■ What the task asks ■
Apart from the pictures, every line below needs to be reproduced verbatim.

■ The data ■
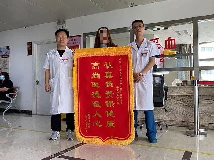 劉先生年紀輕輕就被癌癥盯上是不幸的,但他又是幸運的,能夠早期發(fā)現(xiàn)病灶并及時切除。正是這通電話,讓劉先生意識到年輕不是健康的資本,疾病不挑年齡。也正是這通電話,讓劉先生真切感受到了我院體檢中心的盡職盡責(zé)。為此,劉先生特意將寫有“認真負責(zé)保健康 高尚醫(yī)德暖人心”的錦旗送到體檢中心,以表謝意。
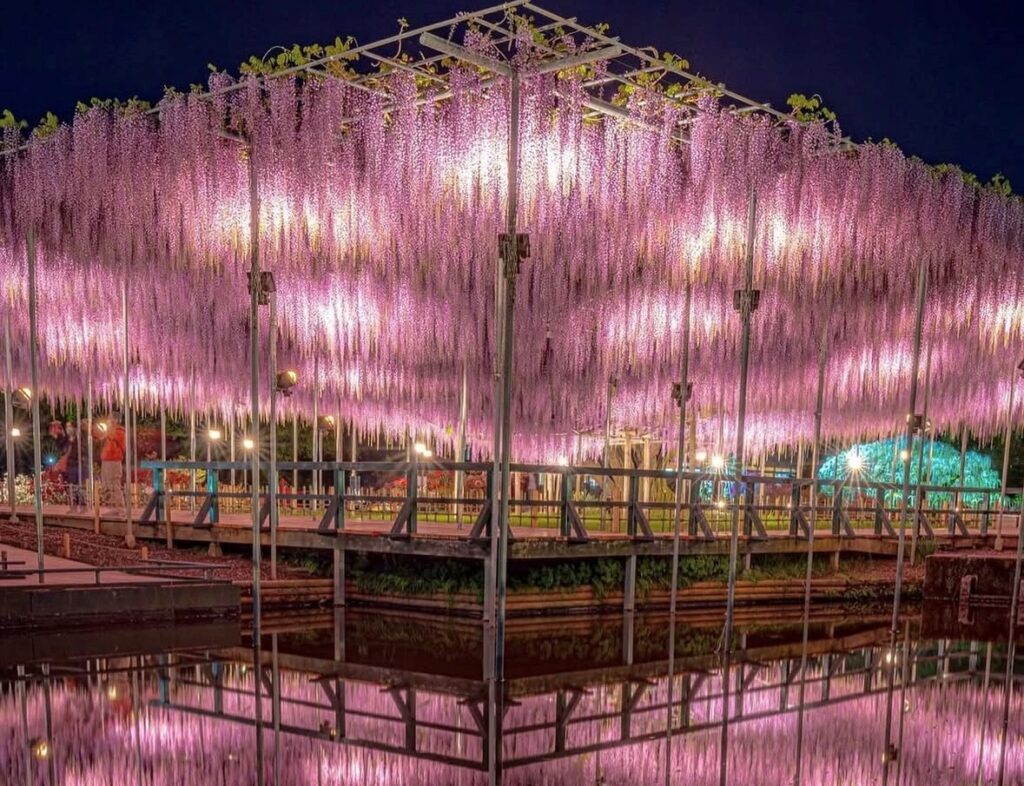幸せな時間を過ごせるんです。藤の花物語のライトアップを見に訪れてみませんか?ものすごい勢いで咲き乱れてまさに百花絢爛です。
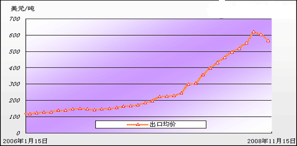 截止到2008年11月份,全國(guó)累計(jì)出口焦炭1190萬(wàn)噸,同比減少243萬(wàn)噸,下降16.9%;總計(jì)出口金額57.11億美元,同比增長(zhǎng)106.7%。從全年中國(guó)焦炭的月出口均價(jià)來(lái)看,從2007年下半年以來(lái),我國(guó)焦炭出口價(jià)格呈爬坡狀節(jié)節(jié)攀升,進(jìn)入2008年以后,焦炭出口均價(jià)更是一路上漲到9月份的621.32美元噸,并在隨后的幾個(gè)月里持續(xù)回落,見圖5.
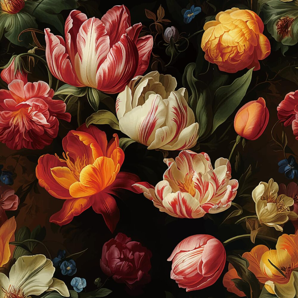 REDAMANCY Antique Tulips Floral Vintage Dark Black Yellow/Pink/Red Flowers Peel and Stick Wallpaper Stick on Contact Paper Vintage Wall Paper Easy Pee

■ Response to the exercise ■
 劉先生年紀輕輕就被癌癥盯上是不幸的,但他又是幸運的,能夠早期發(fā)現(xiàn)病灶并及時切除。正是這通電話,讓劉先生意識到年輕不是健康的資本,疾病不挑年齡。也正是這通電話,讓劉先生真切感受到了我院體檢中心的盡職盡責(zé)。為此,劉先生特意將寫有“認真負責(zé)保健康 高尚醫(yī)德暖人心”的錦旗送到體檢中心,以表謝意。
幸せな時間を過ごせるんです。藤の花物語のライトアップを見に訪れてみませんか?ものすごい勢いで咲き乱れてまさに百花絢爛です。
 截止到2008年11月份,全國(guó)累計(jì)出口焦炭1190萬(wàn)噸,同比減少243萬(wàn)噸,下降16.9%;總計(jì)出口金額57.11億美元,同比增長(zhǎng)106.7%。從全年中國(guó)焦炭的月出口均價(jià)來(lái)看,從2007年下半年以來(lái),我國(guó)焦炭出口價(jià)格呈爬坡狀節(jié)節(jié)攀升,進(jìn)入2008年以后,焦炭出口均價(jià)更是一路上漲到9月份的621.32美元噸,并在隨后的幾個(gè)月里持續(xù)回落,見圖5.
 REDAMANCY Antique Tulips Floral Vintage Dark Black Yellow/Pink/Red Flowers Peel and Stick Wallpaper Stick on Contact Paper Vintage Wall Paper Easy Pee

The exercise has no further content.